Voilà un recueil de sept nouvelles où l'on rencontre, entre autres, de bien étranges personnages : un homme (au bord de la rupture conjugale avec aspersions) trouvant une girafe morte dans son jardin et confiant le problème à l'ouvrier polonais qui a repeint son appartement ; un homme (ignoble de médiocrité intellectuelle) qui, lui, kidnappe des auto-stoppeuses et finit par y mettre le feu ; un homme (esseulé et sinistre) qui, après avoir lu une étonnante petite annonce, prend une vache à apparence humaine comme compagne. Et, cerise sur le gâteau, Bruce Lee (le seul, l'unique !) en grand péril face aux quatre plus dangereuses triades chinoises.

Avec ce livre de 192 pages, maquetté avec de gros caractères pour vieilles taupes acariâtres, dédié à son chat mort en 2001, Thomas Gunzig (dont la langue fait penser à Brel et à Brassens, et l'humour vachard à Francis Mizio), confirme qu'il est un grand auteur, un de ceux qui n'a pas peur de mélanger les genres (kung fu et uchronie ! pour « L'Ours, le coucou, le frelon, la rainette ») et de donner dans l'absurde kafkaïen (« La Girafe »). En guise d'info collatérale, rappelons que ce jeune auteur belge avait reçu le prix Victor-Rossel et le prix Club Méditerranée 2001 pour son précédent ouvrage au Diable Vauvert, Mort d'un parfait bilingue.
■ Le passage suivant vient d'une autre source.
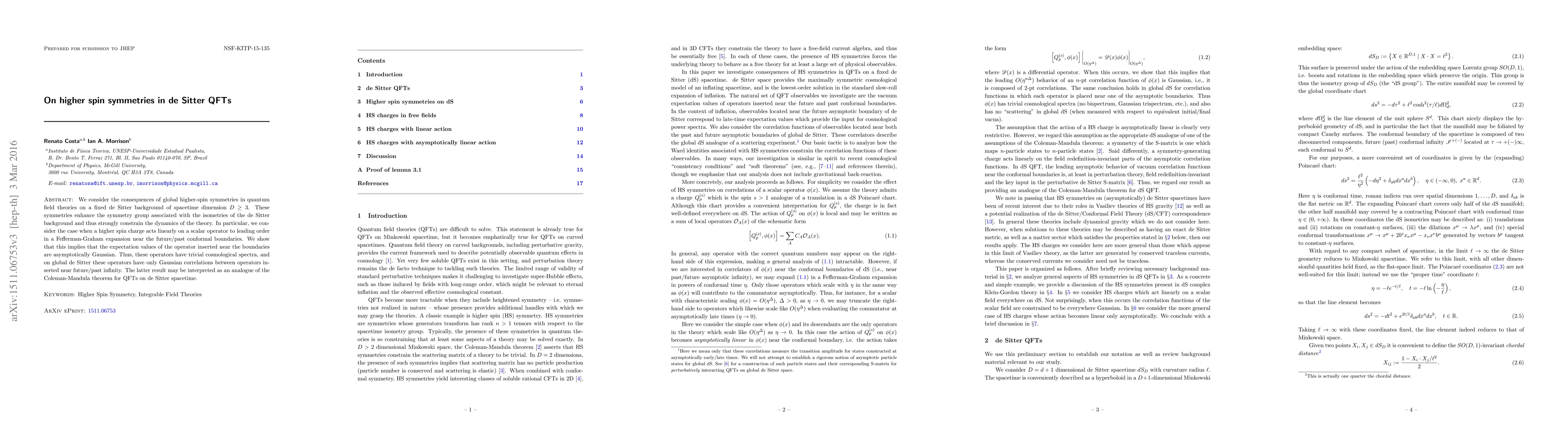 We consider the consequences of global higher-spin symmetries in quantum field theories on a fixed de Sitter background of spacetime dimension $D \ge 3$. These symmetries enhance the symmetry group associated with the isometries of the de Sitter background and thus strongly constrain the dynamics of the theory. In particular, we consider the case when a higher spin charge acts linearly on a scalar operator to leading order in a Fefferman-Graham expansion near the future/past conformal boundaries. We show that this implies that the expectation values of the operator inserted near the boundaries are asymptotically Gaussian. Thus, these operators have trivial cosmological spectra, and on global de Sitter these operators have only Gaussian correlations between operators inserted near future/past infinity. The latter result may be interpreted as an analogue of the Coleman-Mandula theorem for QFTs on de Sitter spacetime.

Un recueil à lire, donc, car formidable d'inventivité, d'humour et de maîtrise. Cependant, n'en déplaise au Diable, on se permettra un bémol : à quinze euros l'entrée pour une visite de deux heures, ce zoo, bien que ciselé à la dent de requin et poli au scrotum de tigre, est tout simplement hors de prix.